Sie erlernte den Beruf der Putz- und Federmacherin (Hutmacherin), arbeitete jedoch bis 1924 als Bürogehilfin. In den 1930er Jahren eröffnete sie ein Hutgeschäft, welches sie bis zu ihrer Rente 1932 führte. Danach half sie dem jüdischen Kinderarzt Dr. Joseph bis 1943 als Arzthelferin.
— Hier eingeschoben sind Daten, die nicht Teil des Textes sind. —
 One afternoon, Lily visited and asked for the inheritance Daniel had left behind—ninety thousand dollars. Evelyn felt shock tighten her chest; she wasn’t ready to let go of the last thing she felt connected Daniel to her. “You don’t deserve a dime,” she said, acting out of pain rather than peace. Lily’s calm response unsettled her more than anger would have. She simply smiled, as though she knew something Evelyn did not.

Sie war das zweitälteste von insgesamt 7 Kindern (drei Mädchen) der Eheleute Moritz (Meier) Levit (1843–1892), ein jüdischer Handelsmann, und Friederike (Riekel) geb. Zirker (1839–1885) aus Schönwalde bei Luckau/Niederlausitz. Die Mutter starb 1885, und der Vater zog mit den Kindern nach Berlin – die Familie wohnte ausschließlich im Nordosten der Stadt (Moabit, Scheunenviertel) mit seinen vielen Mietskasernen, ab 1915 in der Beusselstrasse 43. Von Ottilies sechs Geschwistern ist das Schicksal der meisten unklar: Cäcilie (* 1866) heiratete 1897 und starb 1906 in Berlin; Hajom (genannt Hugo) (* 1872) heiratete 1905, sein weiteres Leben ist (noch) unbekannt; Max (Menachim) (* 1873) wurde wie seine Schwester Taube/Ottilie in Theresienstadt (oder Treblinka) ermordet; Hedwig (* 1875) starb 1939 in Lauben (?); und Georg (* 1876) heiratete 1903 in Berlin, wo er 1943 verstarb.
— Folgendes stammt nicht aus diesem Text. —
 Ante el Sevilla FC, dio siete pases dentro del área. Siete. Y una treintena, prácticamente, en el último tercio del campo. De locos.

Als der Vater 1892 starb, heiratete Ottilie 1893 den Kutscher und späteren Fabrikarbeiter Wilhelm Hermann Pohl (1867–1915) – sie hatten drei Kinder (Gertrud: 1895–1946; Hans: * 1897, verstarb mit 8 Monaten; Fritz: 1900–1978). Gertrud heiratete 1915, wurde aber 1931 wieder geschieden und zog nach Varel, Kreis Oldenburg – sie hatte keine Kinder. Fritz heiratete 1930 und blieb mit seiner Frau in Berlin – aus dieser Ehe gibt es ein Kind.
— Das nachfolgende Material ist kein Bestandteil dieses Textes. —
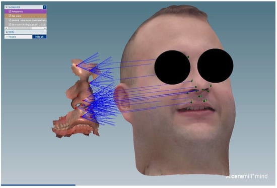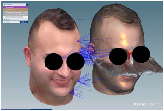 Superimposition of the face-only scan with the facial scan acquired while the facebow was in place was performed using common anatomical landmarks to ensure precise alignment.

Schon früh engagierte sich Ottilie Pohl in einem Arbeiterbildungsverein für Mädchen und Frauen. Nach dem Fall des bismarckschen Sozialistengesetzes (1890) trat sie der Sozialdemokratischen Partei Deutschlands (SPD) bei, als deren Beauftragte sie in Moabit wirkte. Später wurde Ottilie Pohl Mitglied der Kommunistischen Partei Deutschlands (KPD).
Die Kommunalpolitikerin war erklärte Kriegsgegnerin, gemeinsam mit ihrem Sohn verbreitete sie die „Spartakusbriefe“ und andere Blätter der Spartakusgruppe. Während des Ersten Weltkrieges trat sie 1917 der USPD bei und wurde 1920 als Abgeordnete ihrer Partei in die Stadtverordnetenversammlung gewählt. Sie arbeitete in verschiedenen Ausschüssen wie etwa der Armen- und Schulkommission mit. Während des BVG-Streikes (1932) half sie in der Solidaritätsküche, die Streikenden zu verpflegen.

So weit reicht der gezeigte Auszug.